Defining human hepatic insulin resistance
The deposition of fat in liver cells (hepatic steatosis) is often accompanied with hepatic insulin resistance. However, it remains unclear if the accumulation of intracellular triglyceride merely causes insulin resistance, or whether the association between these two variables is due to a common underlying molecular pathophysiology and/or non-canonical feedback mechanisms.

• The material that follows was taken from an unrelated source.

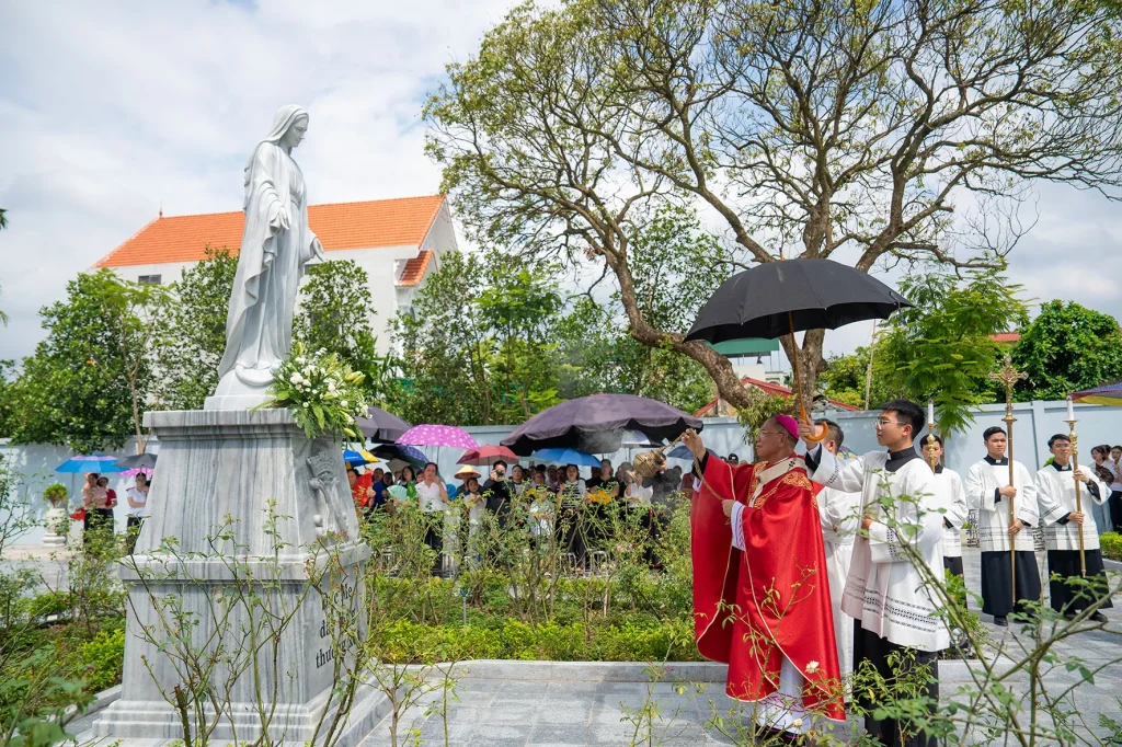 Tiếp đến, Đức TGM Giu-se tiến ra khuôn viên Nhà nguyện cổ để cử hành nghi thức làm phép tượng đài Đức Mẹ. Trong bầu khí trang nghiêm, ngài đọc lời nguyện xin Thiên Chúa chúc lành cho công trình mới được hoàn thành, để mọi người khi chiêm ngắm tượng Đức Mẹ luôn được khích lệ noi gương Mẹ trong đức tin, đức cậy và đức mến.

Within the liver, insulin normally acts through cell-surface receptors to suppress gluconeogenesis and glycogenolysis, and to promote lipogenesis and glycogen synthesis (Farese RV et al, 2012). We have previously demonstrated that humans defined as insulin resistant (based on fasting systemic circulating insulin concentrations) have higher hepatic de novo lipogenesis than individuals defined as insulin sensitive (Pramfalk et al, 2016). Hepatic insulin resistance typically refers to the impaired ability of insulin to suppress hepatic glucose production and is usually not due to reduced levels of insulin (Farese RV et al, 2012); in obesity systemic levels of circulating insulin are typically high (McQuaid et al, 2011). It remains unclear how to best define hepatic insulin resistance in both in vivo and in vitro cellular models. Therefore, studies will be undertaken to understand and specifically define molecular phenotypes of hepatic insulin resistance, along with the best markers to characterise hepatic insulin resistance. This will be achieved by using an integrated environment and multiple platforms, including in vitro cellular studies, mass spectrometry, single-cell sequencing, single-cell CRISPR, computational modelling of pathways, and clinical translation.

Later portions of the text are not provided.